CamLessMonoDepth: Monocular Depth Estimation with Unknown Camera Parameters
This work addresses a practical limitation for applications in computer vision where camera parameters are unknown, enabling the use of image sequences from the wild for training.
The authors tackled the problem of monocular depth estimation without known camera parameters by proposing a method that implicitly estimates camera intrinsics along with depth and pose from monocular image sequences, achieving state-of-the-art performance on the KITTI benchmark.

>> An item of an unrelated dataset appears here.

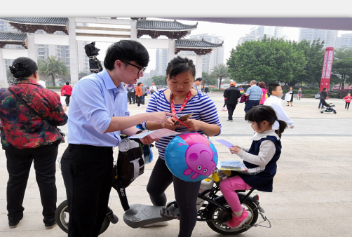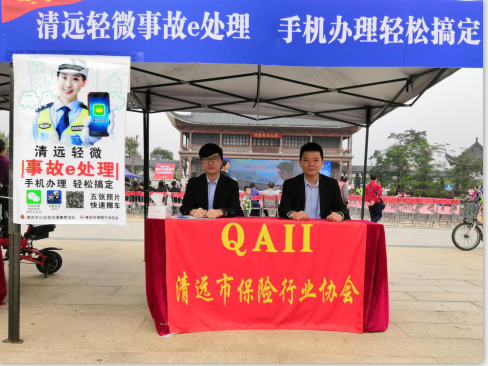 清远市保险行业协会现场设置了摊位,为市民解答如何使用“事故e处理”系统处理轻微事故。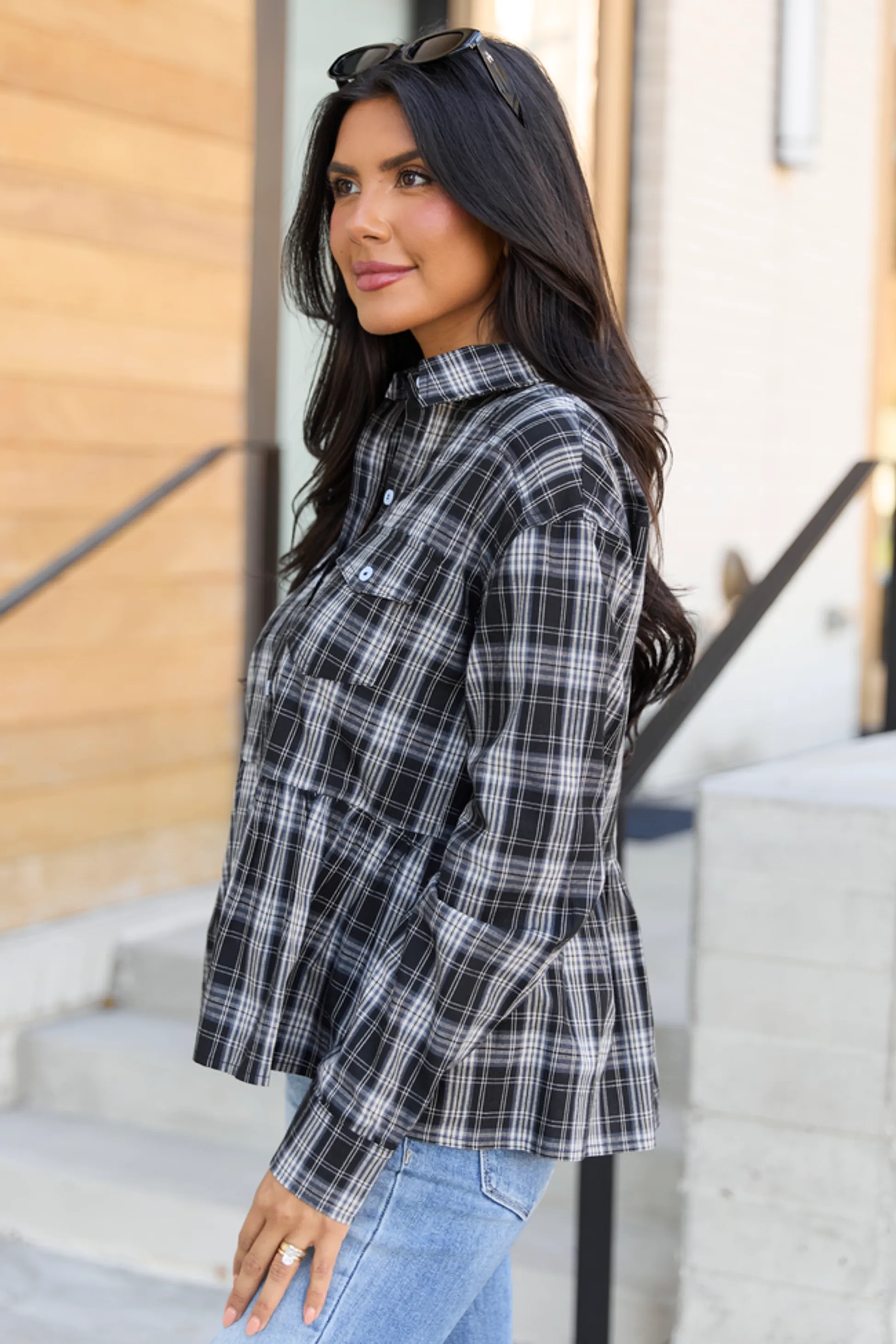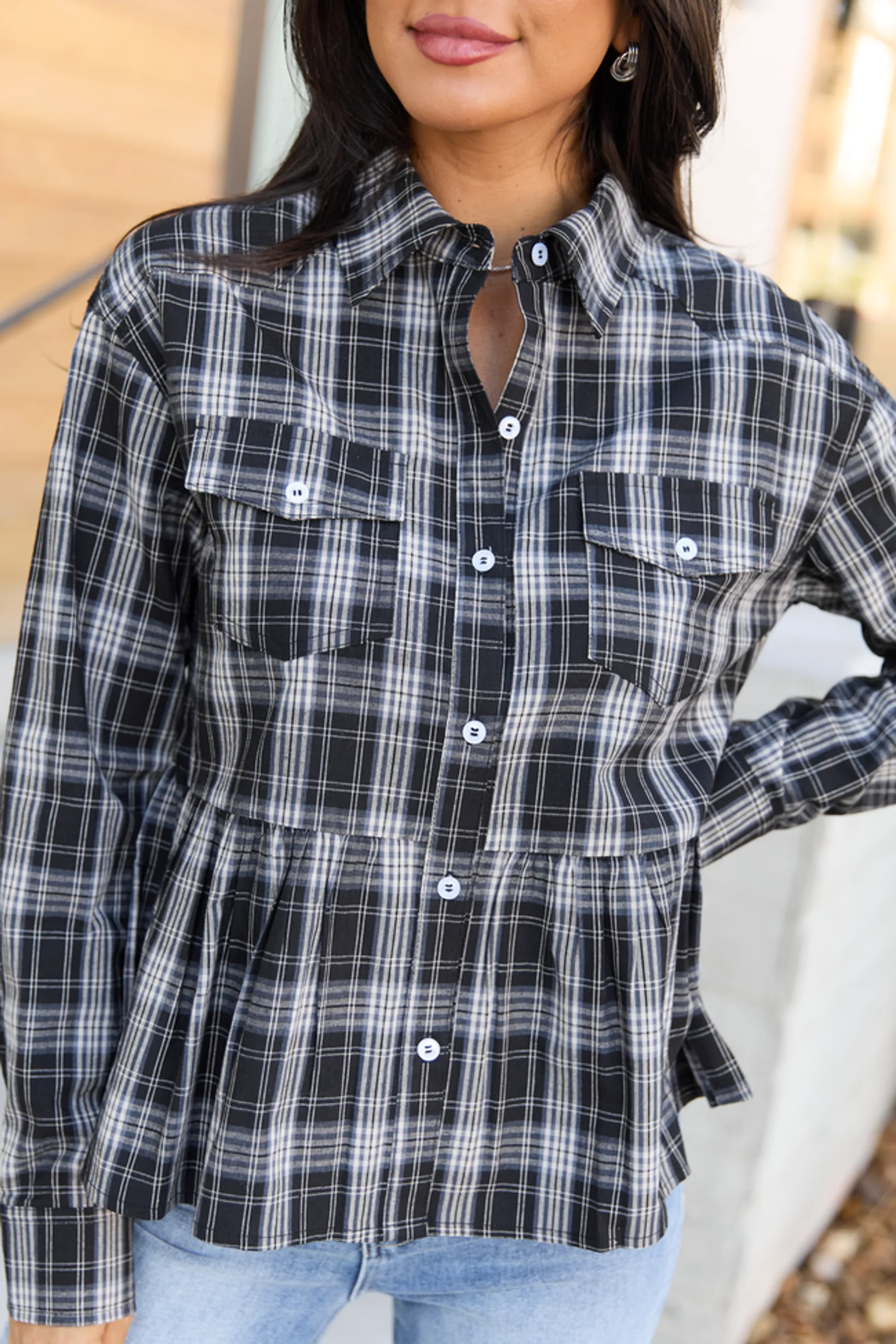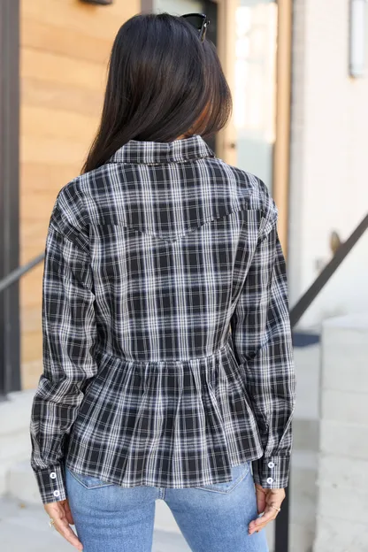 Black Plaid Peplum Top

Perceiving 3D information is of paramount importance in many applications of computer vision. Recent advances in monocular depth estimation have shown that gaining such knowledge from a single camera input is possible by training deep neural networks to predict inverse depth and pose, without the necessity of ground truth data. The majority of such approaches, however, require camera parameters to be fed explicitly during training. As a result, image sequences from wild cannot be used during training. While there exist methods which also predict camera intrinsics, their performance is not on par with novel methods taking camera parameters as input. In this work, we propose a method for implicit estimation of pinhole camera intrinsics along with depth and pose, by learning from monocular image sequences alone. In addition, by utilizing efficient sub-pixel convolutions, we show that high fidelity depth estimates can be obtained. We also embed pixel-wise uncertainty estimation into the framework, to emphasize the possible applicability of this work in practical domain. Finally, we demonstrate the possibility of accurate prediction of depth information without prior knowledge of camera intrinsics, while outperforming the existing state-of-the-art approaches on KITTI benchmark.